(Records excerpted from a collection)
= = = =

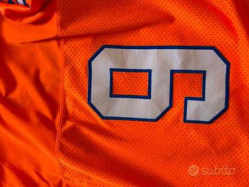 Maglia sportiva stile football americano, colore arancione acceso con dettagli blu e bianchi. Numero 9 stampato sul retro. Patch decorative sulle maniche e sul petto, stile vintage ispirato agli anni ’90. Taglia comoda, tessuto traspirante a rete. Ottima per collezionisti, appassionati di streetwear o look sportivo old school. In ottime condizioni!
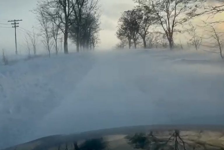 VIDEO Imagini incredibile pe un drum național din Botoșani. Din cauza viscolului, șoferii nu văd nici măcar la câțiva metri în față
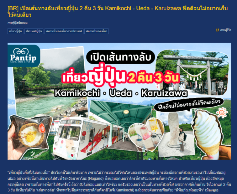 オーエイチが主導し、タイ最大級の口コミサイト「Pantip.com」にてプロモーション記事を公開しました。Pantip.comは旅行先選びの信頼度が最も高いメディアで、1日6,200,000PV、ユーザーは1日2,400,000人の方が見られています。
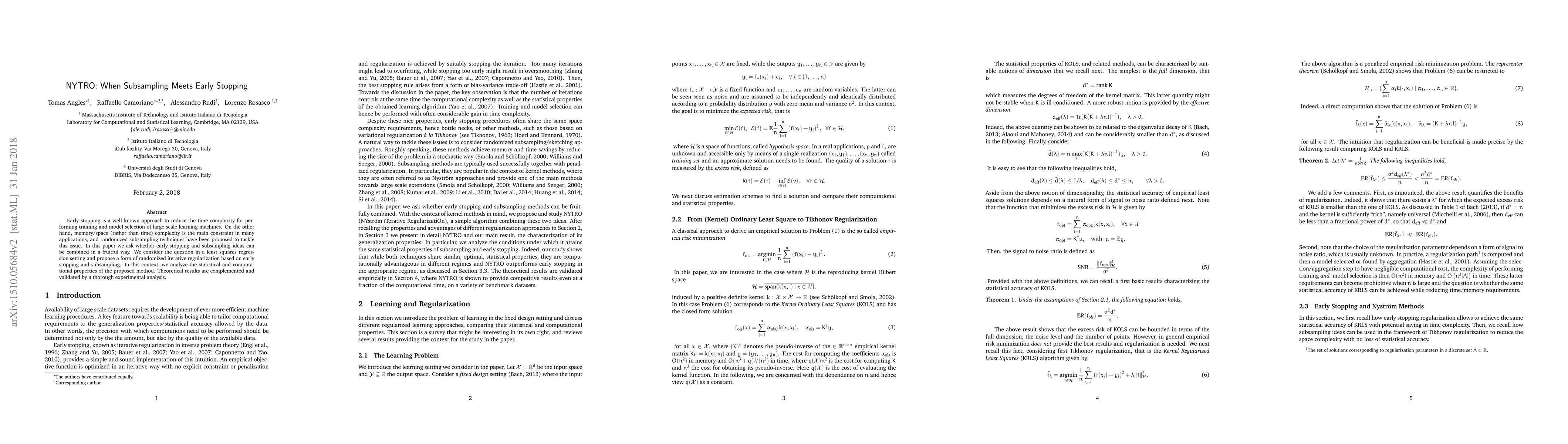 Early stopping is a well known approach to reduce the time complexity for performing training and model selection of large scale learning machines. On the other hand, memory/space (rather than time) complexity is the main constraint in many applications, and randomized subsampling techniques have been proposed to tackle this issue. In this paper we ask whether early stopping and subsampling ideas can be combined in a fruitful way. We consider the question in a least squares regression setting and propose a form of randomized iterative regularization based on early stopping and subsampling. In this context, we analyze the statistical and computational properties of the proposed method. Theoretical results are complemented and validated by a thorough experimental analysis.
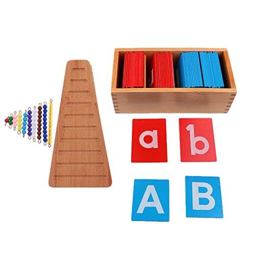 - ? Montessori Material Toy Letter A-Z Sandpaper Alphabets Board + Montessori Math Materials Colored Bead Stairs With Tray Early Training Toys
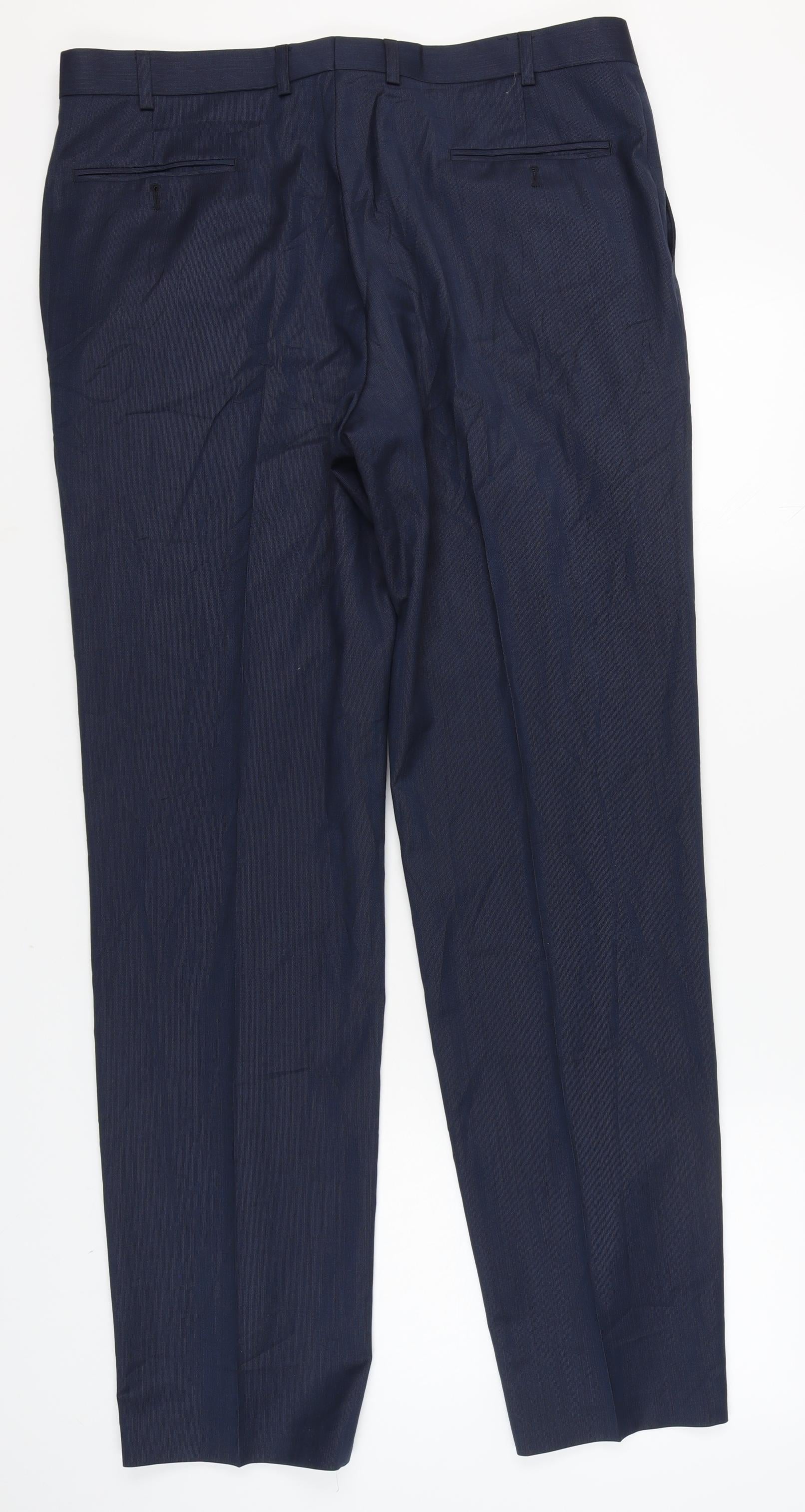 Elevate your wardrobe with these sophisticated Marks and Spencer men's dress trousers, hand-crafted from a luxurious blend of 70% wool and 30% polyester, perfect for comfort and style. The rich indigo blue shade provides a modern, versatile look suitable for a variety of occasions, from formal events to professional environments. With a 38-inch waist and a 35-inch inside leg, these trousers deliver a tailored fit that accentuates a sleek silhouette. The flat front design complements its crisp aesthetic, while the button closure ensures security and ease. Ideal for pairing with a classic dress shirt or a smart blazer, these trousers are dry clean only, adding an extra touch of care to maintain their premium quality. Seize the opportunity to own these timeless trousers brand new with tags, highlighting the pristine condition and ensuring comfort and durability for prolonged wear. Transform your collection with this essential piece of savvy fashion, crafted for the quintessential gentleman.
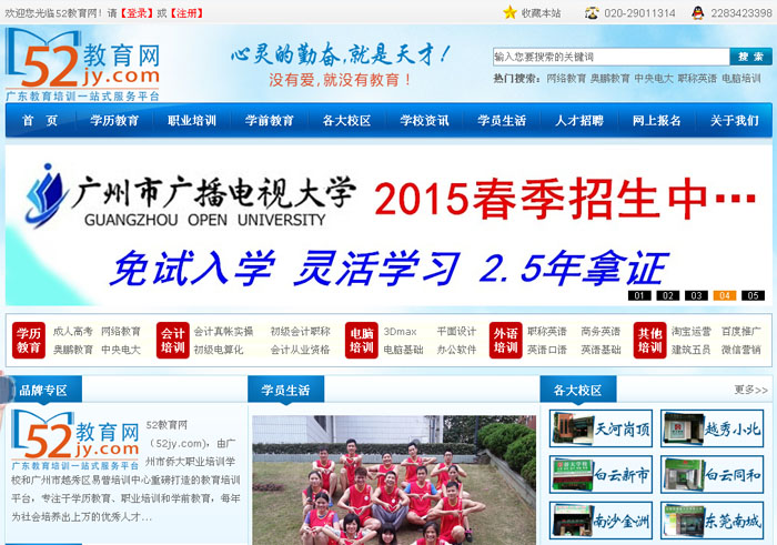 52教育網(wǎng)(52jy.com),由廣州市僑大職業(yè)培訓(xùn)學(xué)校和廣州市越秀區(qū)易普培訓(xùn)中心重磅打造的教育培訓(xùn)平臺(tái),專注于學(xué)歷教育、職業(yè)培訓(xùn)和學(xué)前教育,每年為社會(huì)培養(yǎng)出上萬(wàn)的優(yōu)秀人才...
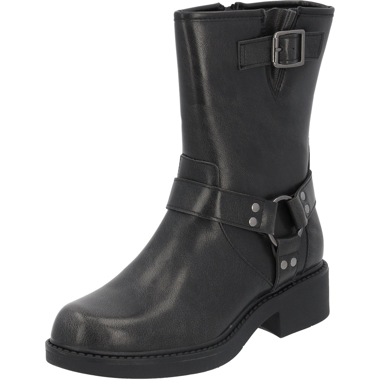 Das Modell "Hanav" ist ein klassischer Bikerstiefel aus Kunstleder, mit einer Absatzhöhe von 4cm und Schafthöhe von 20cm bei Größe 37. Optisch zeichnet sich der Stiefel durch seine markanten Riemen und Schnallen aus, die ihm seinen charakteristischen Look verleihen. Der seitliche Reißverschluss erleichtert das An- und Ausziehen und die robuste Gummi-/Synthetiksohle rundet das Design ab. Egal ob auf dem Motorrad oder beim Stadtrundgang, dieser Stiefel ist ein treuer Begleiter für alle, die Wert auf Qualität und Charakter legen.
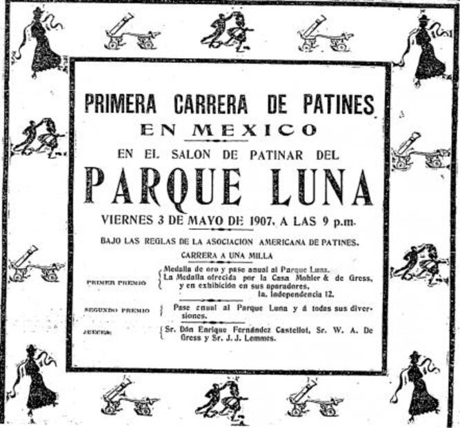 "Primera carrera de patines en México… Bajo las reglas de la Asociación Americana de Patines…carrera a una milla" indica esta publicidad del Parque Luna en 1907. El primer lugar se haría acreedor a una medalla de oro y a un pase anual a este parque. El segundo lugar sólo obtendría el pase anual al parque.
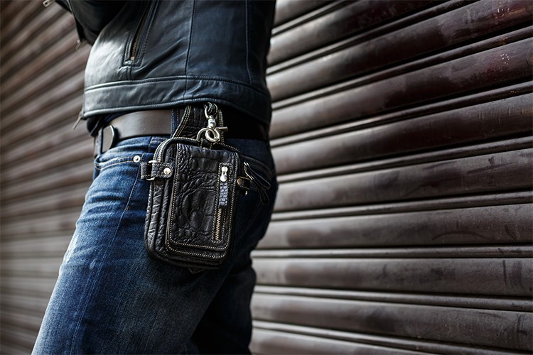 ベルトループはカシメで留めていますので、バッグをベルトに通して着用して下さい。

= = = =

- [WHAT YOU WILL DO] Between and including the line above that contains "- ? Montessori" and the line that contains "52教育網(wǎng)(52", restate every line word for word. Pictures stay out.

- [COMPLETED EXERCISE]
 - ? Montessori Material Toy Letter A-Z Sandpaper Alphabets Board + Montessori Math Materials Colored Bead Stairs With Tray Early Training Toys
 Elevate your wardrobe with these sophisticated Marks and Spencer men's dress trousers, hand-crafted from a luxurious blend of 70% wool and 30% polyester, perfect for comfort and style. The rich indigo blue shade provides a modern, versatile look suitable for a variety of occasions, from formal events to professional environments. With a 38-inch waist and a 35-inch inside leg, these trousers deliver a tailored fit that accentuates a sleek silhouette. The flat front design complements its crisp aesthetic, while the button closure ensures security and ease. Ideal for pairing with a classic dress shirt or a smart blazer, these trousers are dry clean only, adding an extra touch of care to maintain their premium quality. Seize the opportunity to own these timeless trousers brand new with tags, highlighting the pristine condition and ensuring comfort and durability for prolonged wear. Transform your collection with this essential piece of savvy fashion, crafted for the quintessential gentleman.
 52教育網(wǎng)(52jy.com),由廣州市僑大職業(yè)培訓(xùn)學(xué)校和廣州市越秀區(qū)易普培訓(xùn)中心重磅打造的教育培訓(xùn)平臺(tái),專注于學(xué)歷教育、職業(yè)培訓(xùn)和學(xué)前教育,每年為社會(huì)培養(yǎng)出上萬(wàn)的優(yōu)秀人才...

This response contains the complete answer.